You have likely heard of the Pioneer accountable care organization. The CMS chose Pioneer ACOs based on the infrastructure already in place that the CMS deemed closely related to an ACO model. This was an early “testing” phase for the Medicare Shared Savings Program ACO. Pioneer ACOs are subject to different shared savings methodology. There are 32 Pioneer ACOs throughout the country.
What You Should Know About Accountable Care Organizations
If you are not a participant in an ACO, a patient still has the freedom to go outside of the ACO network for medically necessary services and this can include you as a DPM. According to CMS, a beneficiary always retains the right to see the specialist of his or her choice, whether the specialist is a part of an ACO or not. The CMS is responsible for providing educational materials for beneficiaries so they understand their rights. However, you may want to communicate proactively with your patients. Your relationship with a patient need not end, even if you do not contract with or are not part of the Medicare ACO.
A Guide To Beneficiary Assignment To An ACO
Beneficiary assignment occurs in two steps. The first step is that CMS assigns beneficiaries who have received primary care services from a primary care physician to that primary care physician’s ACO. For any remaining beneficiaries who did not receive any primary care services from a primary care physician but received at least one such service from a physician specialist, nurse practitioner, clinical nurse specialist or physician assistant, the second step is the CMS assigns such beneficiaries to the ACO of the non-primary care physician from whom the beneficiary received the plurality of primary care services.
The CMS provides the ACO with a preliminary prospective assignment of beneficiaries based upon the patients’ past utilization of primary care services. The CMS will conduct a final reconciliation of assigned beneficiaries after each performance year based on actual utilization. The healthcare community has voiced concerns that this final retroactive reassignment impedes the ACO’s ability to coordinate and monitor patient care for the ACO population. However, the CMS has refused to assign patients to an ACO prospectively.
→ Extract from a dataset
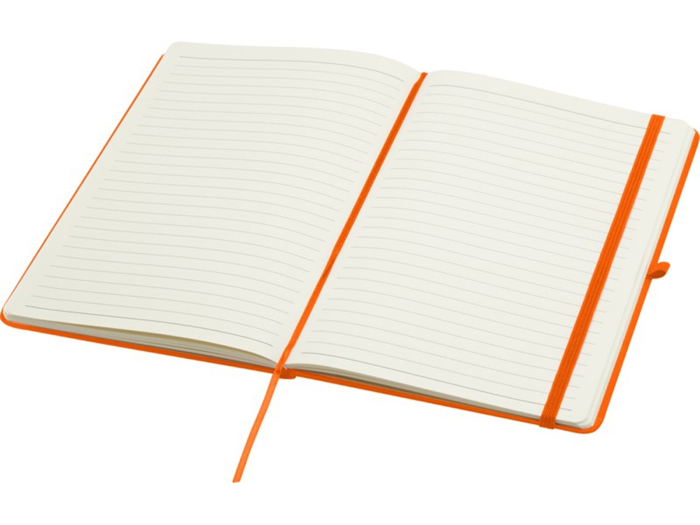 Блокнот Spectrum Plus формата А5 в твердой обложке с закругленными углами — это не только необходимая вещь в офисе, но и прекрасная возможность для продвижения вашего бренда. Картонный блокнот имеет мягкую на ощупь обложку и 80 линованных листов кремового цвета плотностью 70 г/м², идеально подходит для записи быстрых идей или длинных заметок. Блокнот оснащен петлей для ручки, эластичной застежкой, ленточкой-закладкой и карманом-гармошкой.
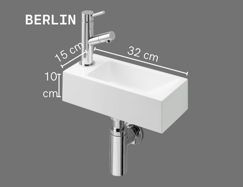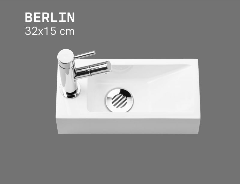 Lave-mains ultra-compact 32x15 cm résine minérale blanc BERLIN GAUCHE

Essential Insights On Savings Considerations With ACOs
The agreement between the CMS and an ACO is three years in duration. The CMS allows ACOs to elect to participate under two different shared savings models, either one-sided or two-sided. Under the one-sided model, during the first three-year agreement, an ACO shares only savings (if any). Upon the next agreement, the ACO assumes risk for shared losses in addition to shared savings, effectively transitioning to the two-sided model. Under the two-sided model, during the initial three-year agreement, an ACO assumes risk for losses as well as shared savings (if any).
By sharing risk, the ACO must repay to the CMS any shared losses for expenditures that exceed the benchmark, subject to certain limitations. The benchmark is initially based on the weighted average of Parts A and B expenditures for the ACO population for the three years preceding the initial agreement. Then it will be updated to the applicable performance year based on certain demographic changes and projected risk factors for new beneficiaries.
An ACO is eligible for shared savings only if actual Medicare Parts A and B expenditures are below the benchmark amount by at least the “minimum savings rate.” The minimum savings rate for the one-sided (shared savings only) model is between 2 and 3.9 percent depending upon the size of the ACO’s assigned population. The minimum savings rate for the two-sided model (shared savings and risk) is 2 percent. The shared savings is based on the first dollar once the ACO meets the minimum savings rate.
The CMS also established maximum percentage savings. In the one-sided model, the ACO can share up to 50 percent of savings while the two-sided model enables ACOs to share up to 60 percent of savings. The purpose of these boundaries is to protect the CMS from paying bonuses to ACOs for random, statistical fluctuations that are unrelated to ACO activities while also encouraging participation and investment in the program.
An ACO must have clear criteria by which it will distribute possible shared savings among participants and how it will use shared savings to improve care for beneficiaries and decrease beneficiary spending. Conversely, an ACO that is subject to shared losses must have a mechanism for payment of its share of losses. The CMS will make shared savings payments directly to the ACO, not to the individual providers. To reiterate, providers and suppliers in the ACO will still receive traditional Medicare fee-for-service payments for their services.